Monday, November 23, 2009

In fiddlers’ songs, echoes of the past


EASTHAM - The lilting notes of “St. Anne’s Reel,’’ a rollicking Canadian fiddle tune, glide out the front door and into the pitch-black night near Kingsbury Beach. Inside, eight fiddlers and a bass player tap a wooden floor with their feet, pull and push their bows, and tilt their faces toward fingers that dance atop the strings.


It’s another Monday night for the Cape Cod Fiddlers, a knot of local musicians who began gathering every week 20 years ago to catch up, leave their jobs behind, and indulge a love of music that often is centuries old.

They also are part of the glue that accounts for the remarkable staying power of the fiddle, the common man’s violin that was an indispensable element in house parties, barn dances, and social occasions that bound a community together for generations.

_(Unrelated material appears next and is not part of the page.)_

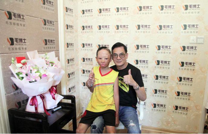 重度烧伤孩植发牵动俩明星心2015年12月,漳州市芗城区金峰村一出租房发生液化气热水器爆炸,时年10岁的小雄(化名)身上重度烧伤。去年,小雄找到毛博士美学植发机构接受植发手术。小雄的遭遇让毛博士全体医护人员揪心,为此,机构专门为小雄减免了绝大部分的治疗费用。2017年12月、2018年5月,小雄在毛博士做了两期植发手术。毛博士负责人介绍说,小雄的烧伤情况异常严重,医院组织台湾和大陆知名的植发专家,一起为小雄检查、治疗,克服了面积大、供血差、头皮厚等难题,逐步帮小雄种上头发,目前恢复情况良好,已逐步恢复孩子的自信心。19日上午,国家一级演员、军旅歌唱家、福建省残疾人福利基金会爱心大使赵秀兰和香港演员李国麟分别来到毛博士,专门前来看望小雄,送上鲜花、文具和慰问金。在TVB连续剧《天龙八部》里饰演鸠摩智的香港著名演员李国麟,不断鼓励小雄,“多努力,读好书;多运动,强壮身体;头发的问题,交给毛博士。”李国麟还饶有兴趣地体验了毛博士的养发护发等项目。
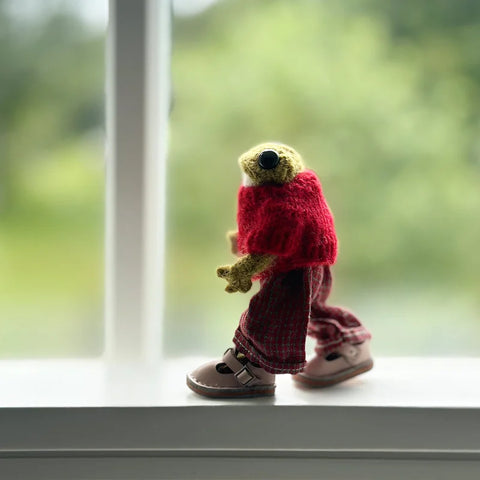 • Cette grenouille est diffĂ©rente de toutes mes autres grenouilles - elle peut s'asseoir ou se tenir debout, elle a une taille, et elle a aussi un pull Ă  tricoter !

In the hands of the Cape Cod Fiddlers, the music might be old, but the spirit that powers the tunes is as fresh as the cinnamon-spiked cider that warms on the kitchen stove.

“When I’m playing, there’s nothing else,’’ said Stuart Moore, who doubles as Chatham’s shellfish warden when he’s not carving out time to make a little fiddle music.

The group first came together through the efforts of Billy Hardy, a native of Hackensack, N.J., who moved to Eastham 37 years ago and never looked back. Seated in his house at the head of a long, thin table, Hardy is all bouncing, earnest movement as the fiddlers move between tunes with almost imperceptible ease.

“Everyone has to leave their egos at the door when we play,’’ said Hardy, one of two professional musicians in the group. The remainder come from an eclectic array of jobs: architect, graphic designer, two teachers, lawyer, and the Irish music librarian at Boston College.

“How would we all be sitting in the same room otherwise,’’ asked Hardy, delighted by the convergence.

The tunes move among the great fiddle traditions - including Scotland, Ireland, Cape Breton, French Canada, and Appalachia. The players learn from each other, teach each other, and revel in what is a constantly simmering melting pot of music.

The atmosphere, which includes a wood stove and a bearded collie named Kylah, is convivial but low-key - at least until the music starts and the sensation is one of driving sound and bobbing feet. Over 20 years, a fair amount of hair has turned gray.

For Dinah Mellin of Orleans, who studied classical music, the effervescence and physicality of the tunes are a big part of their allure. “I like the liveliness of it and the bowing,’’ Mellin said. “It’s a workout.’’

Indeed, for more than two hours last Monday, the fiddlers barely stopped, catching their breath and resting their arms only briefly while they waited for the first notes of a musical journey to somewhere new. There were waltzes, and reels, and rags, and plaintive laments, many of which they play periodically in concert.

Hardy said he had trouble finding other fiddlers when he began to play. Now, the scene is dramatically different. Informal get-togethers are much more abundant than they were a few decades ago, and instruction is plentiful, Hardy said.

Mike Falkoff, vice president of the Boston Scottish Fiddle Club, agreed the music has been revitalized. In the last three years, he said, the club’s membership has doubled to about 90 people.

“It’s amazingly crisp music,’’ Falkoff said. “I love classical music, and basically a lot of the stuff is what would have been played in 1790. It’s well-syncopated string music in a number of different sorts of rhythm.’’

Much Scottish fiddle music made its way to Boston from Cape Breton, Nova Scotia, where 18th- and 19th-century emigrants from Scotland brought traditions that continued to survive and thrive in a largely rural and isolated society. For entertainment, the fiddle was king.

“The violin sings, but the fiddle dances,’’ Hardy said about the differences in the instrument’s use. “There’s a joke that the only difference is that nobody cares if you spill beer on the fiddle.’’

Hardy, however, clearly cares about his instrument, which is of British origin from the 1800s. Other fiddles in the room were made many decades ago in Germany. And a mandocello, played by Tim Dickey of Truro, will turn 100 this year.

Hardy, like several other fiddlers here, was hard-pressed to explain precisely why he craves fiddle music.

“My gut feeling is the music is just good, and people can feel that,’’ Hardy said. “I’ve had people come up to me after a concert and say this music is therapeutic.